Your answer must be the lines from the top of the listing below through the line that holds "2025年10月27日,公司", retyped exactly, with no pictures.
□ □ □
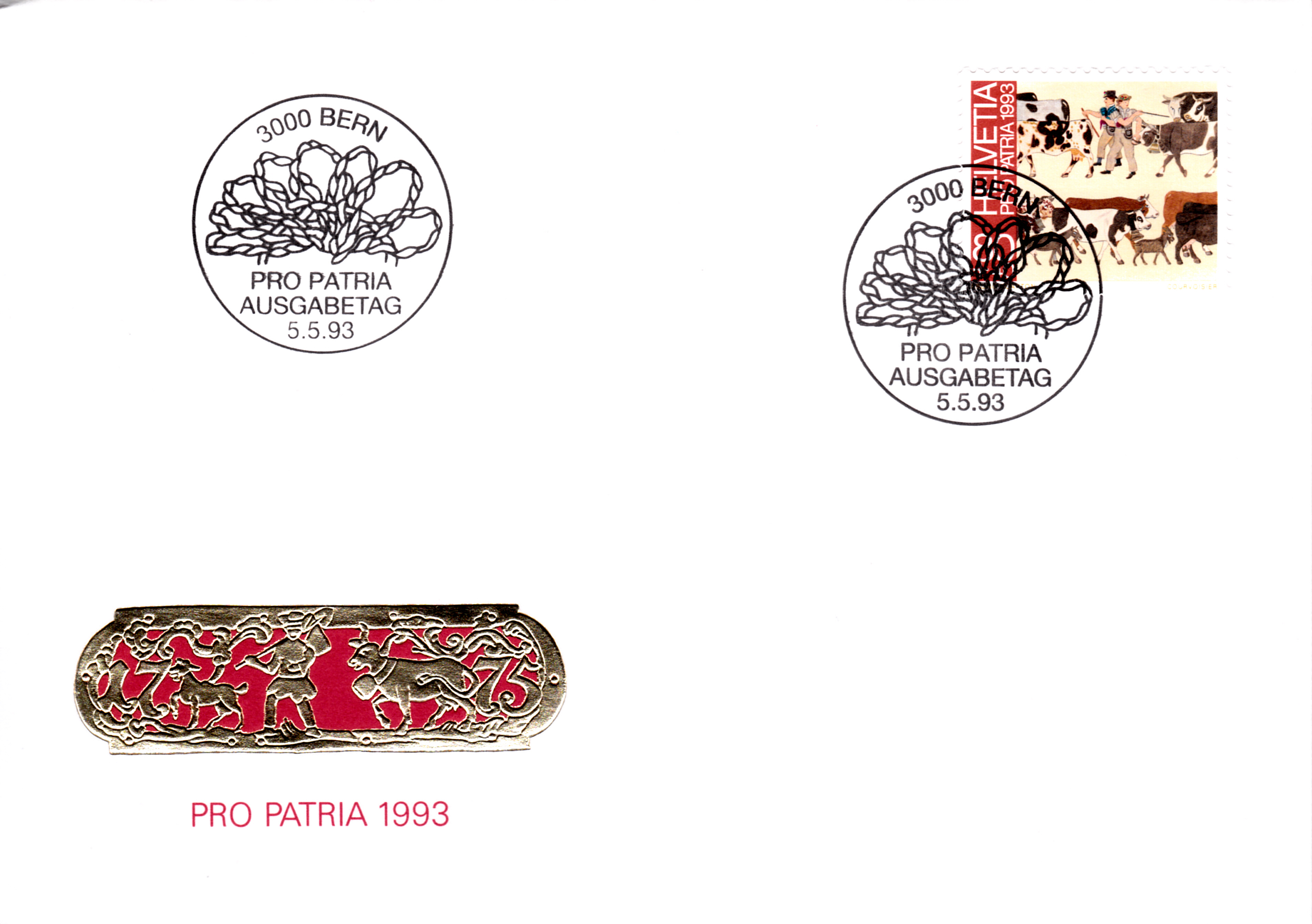 Auf diesem FDC der Post sind alle vier Marken der Serie "Pro Patria 1993" verklebt worden.
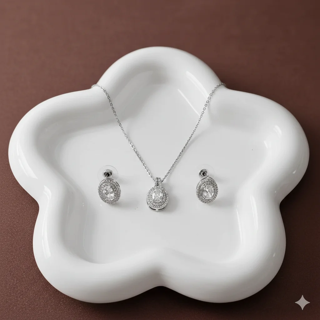 أطقم اكسسوارات نسائية فاخرة من الزركون – سلسال وحلق بتصاميم أنيقة لجميع المناسبات
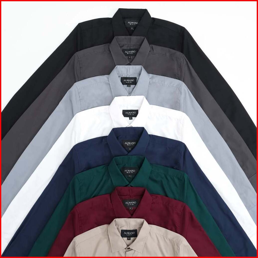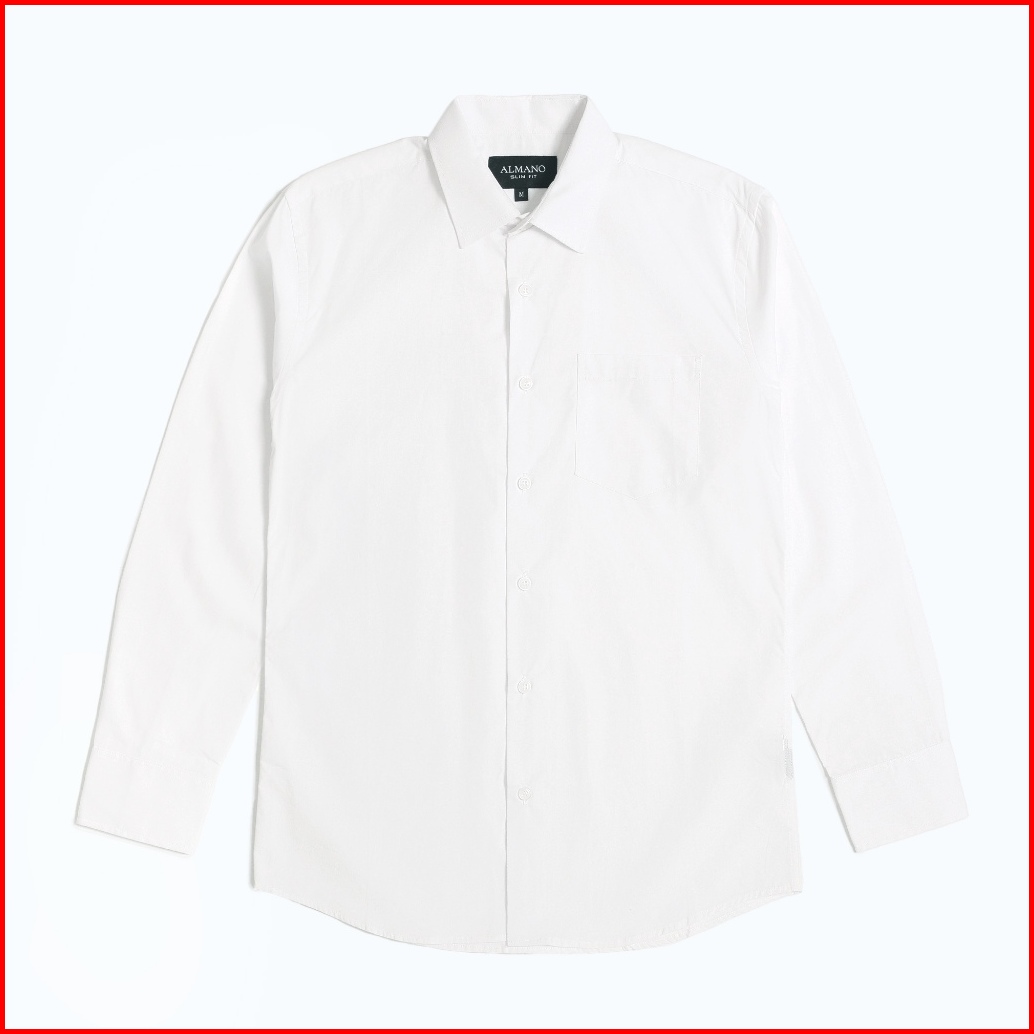 Almano Devin Shirt Ls White Kemeja Pria Slim Fit Polos Panjang Katun Putih
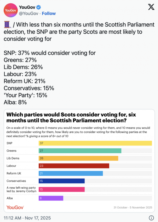 Not long ago, Labour thought it could win in Scotland. YouGov now suggests that they are running fourth in the country:
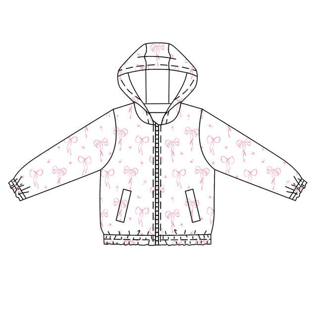 White long sleeves pink bow kids girls hooded jacket
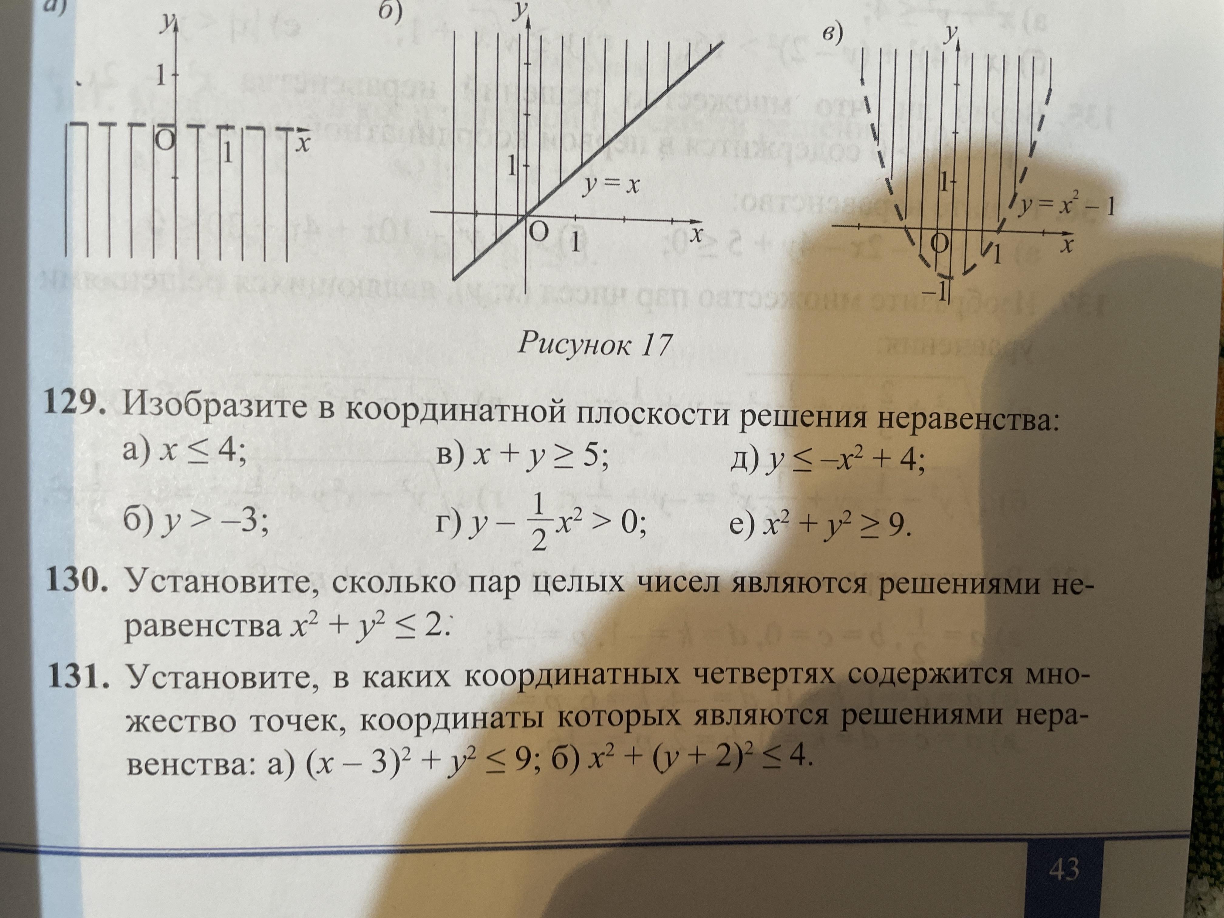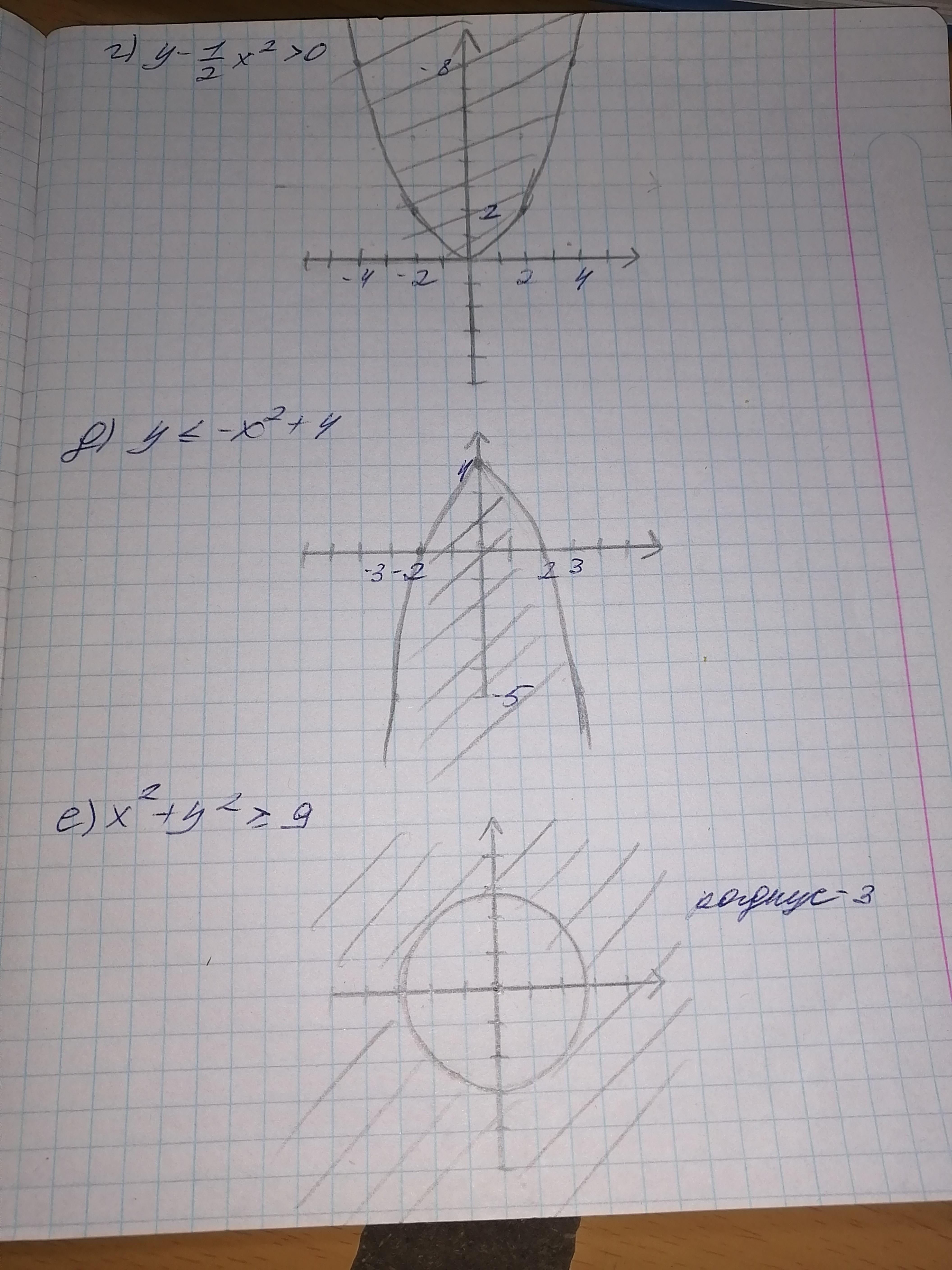 б)у>-3; в) х+у_>5; г) у - 1/2х^2>0; д) у_<-х^2+4; е) х^2+у^2_>9
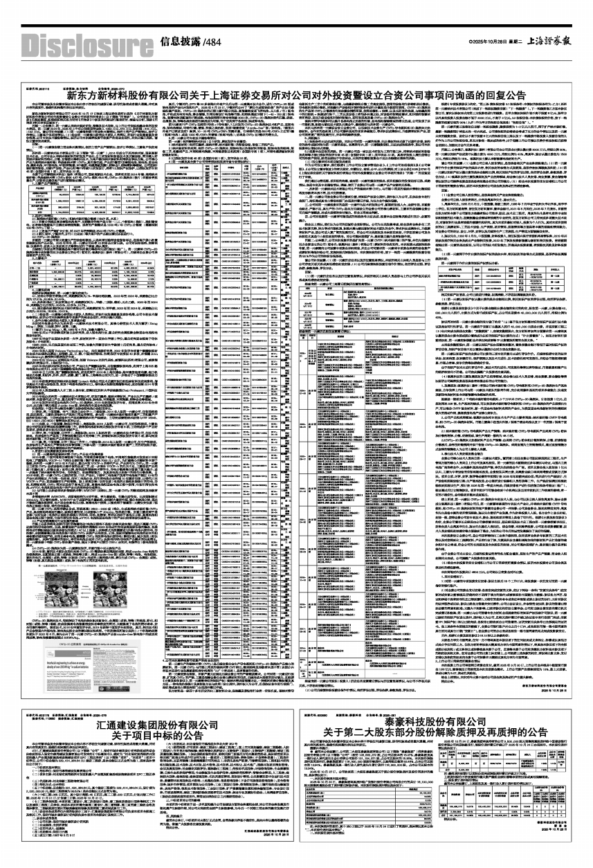 2025年10月27日,公司收到第二大股东泰豪集团关于部分股份解除质押及股份再质押的通知,具体情况如下:
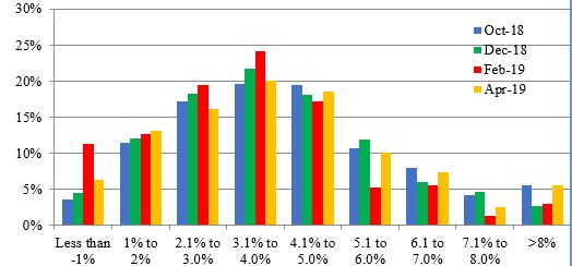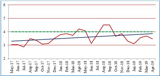 - Regarding cost perceptions, around 50% of the firms in April 2019 reported that increase in costs has been more than 3% (sharply down from 57% reported in March 2019) during the last one year (Chart 3).
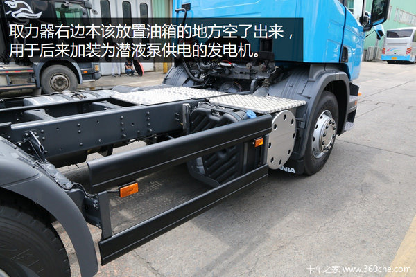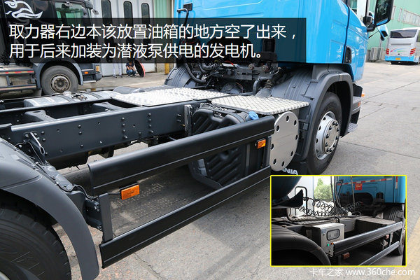 这台斯堪尼亚P400危化车就加装了发电机用于为潜液泵供电。
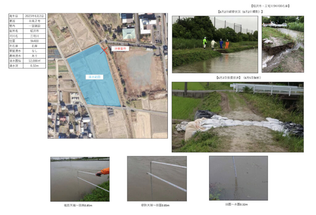 令和5年6月7日 6月2日の台風2号と梅雨前線による記録的な大雨は特に東三河方面に大きな爪痕を残しましたが稲沢市でも三宅川の池部側が破堤し田圃に泥水が流れ込みました。県の一宮建設事務所が稲沢市と連携し仮復旧しました。
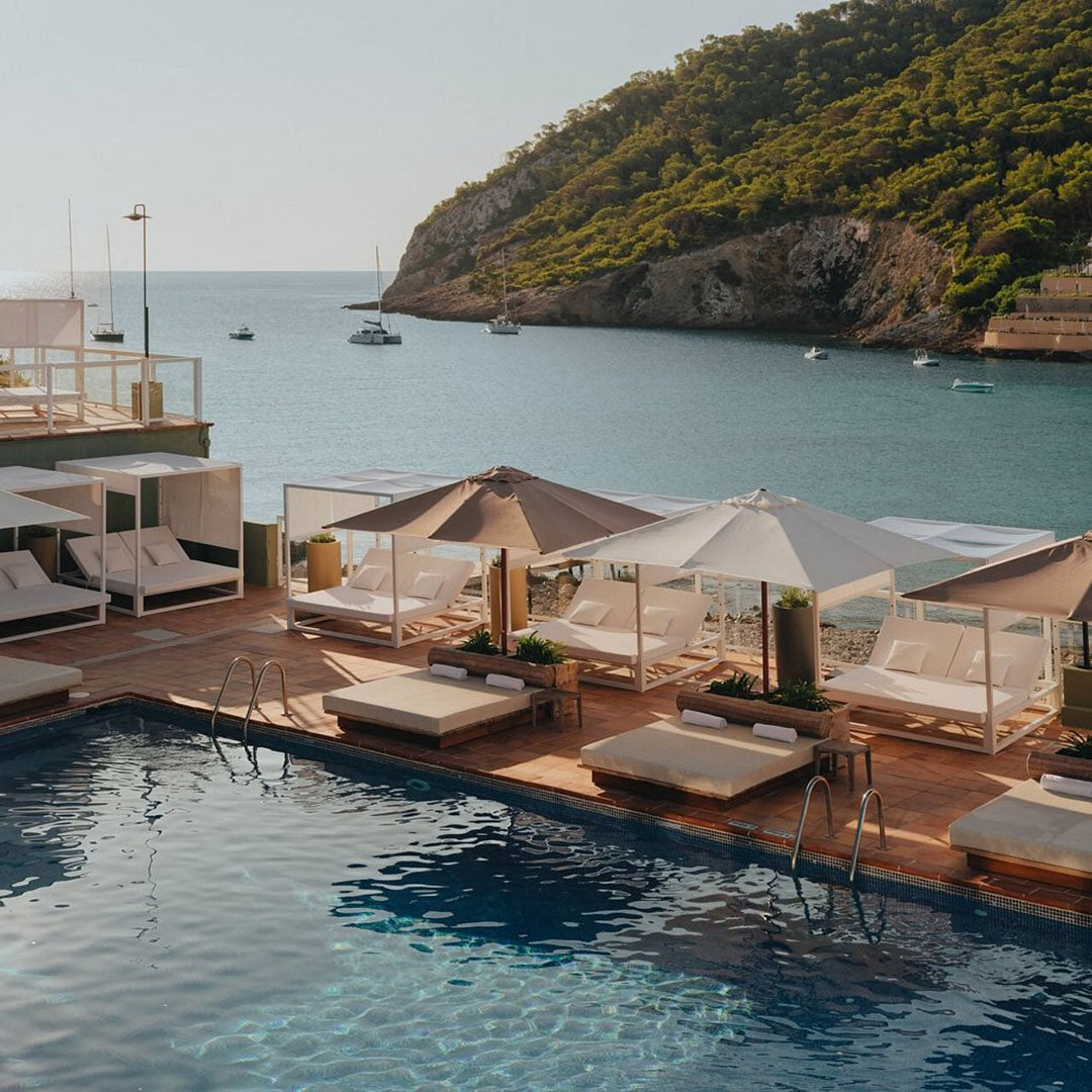 Overlooking the turquoise waters of Cala Llonga, Hotel Mondrian combines chic sophistication, inventive design, and extraordinary experiences in Ibiza, the Mediterranean's most lively destination. With direct beach access and three luxurious oceanfront pools, it will be the place to be this summer.
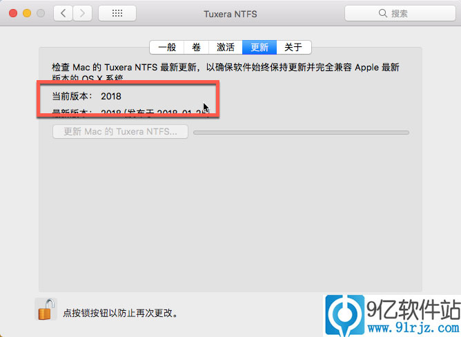 6.在更新目录下,您可以看到您的版本是当前Tuxera NTFS 2018 Mac最新版本。
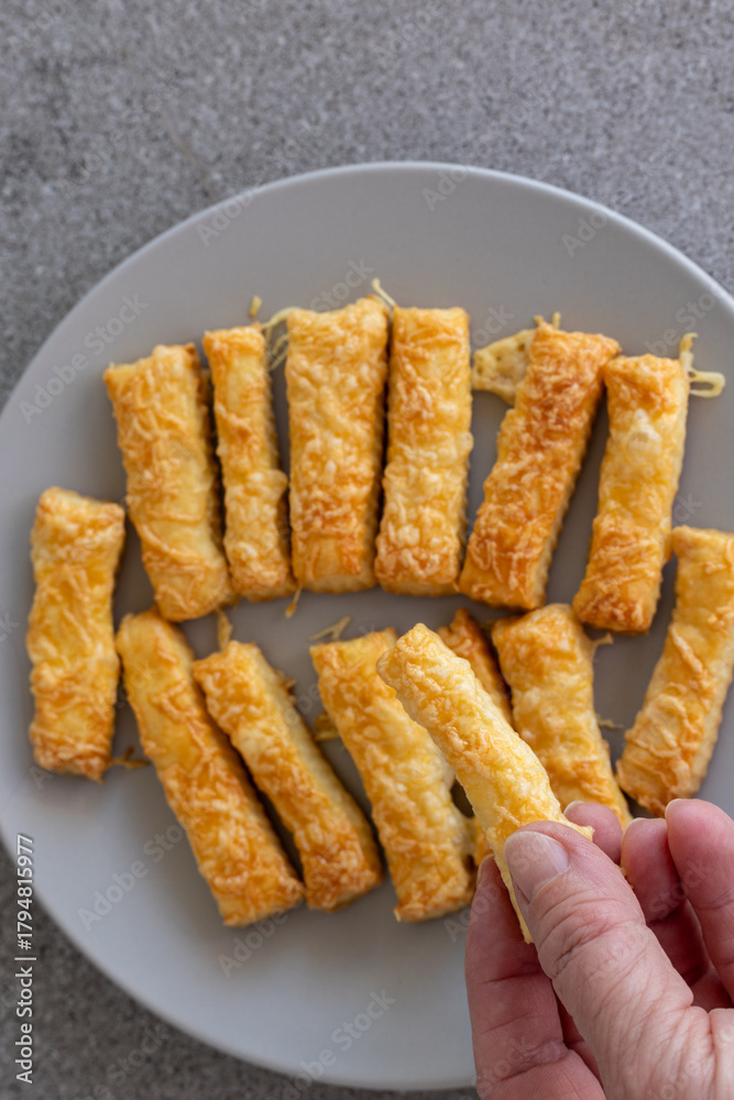 hand holding a homemade cheese stick
□ □ □
• Response area:
 Auf diesem FDC der Post sind alle vier Marken der Serie "Pro Patria 1993" verklebt worden.
 أطقم اكسسوارات نسائية فاخرة من الزركون – سلسال وحلق بتصاميم أنيقة لجميع المناسبات
 Almano Devin Shirt Ls White Kemeja Pria Slim Fit Polos Panjang Katun Putih
 Not long ago, Labour thought it could win in Scotland. YouGov now suggests that they are running fourth in the country:
 White long sleeves pink bow kids girls hooded jacket
 б)у>-3; в) х+у_>5; г) у - 1/2х^2>0; д) у_<-х^2+4; е) х^2+у^2_>9
 2025年10月27日,公司收到第二大股东泰豪集团关于部分股份解除质押及股份再质押的通知,具体情况如下:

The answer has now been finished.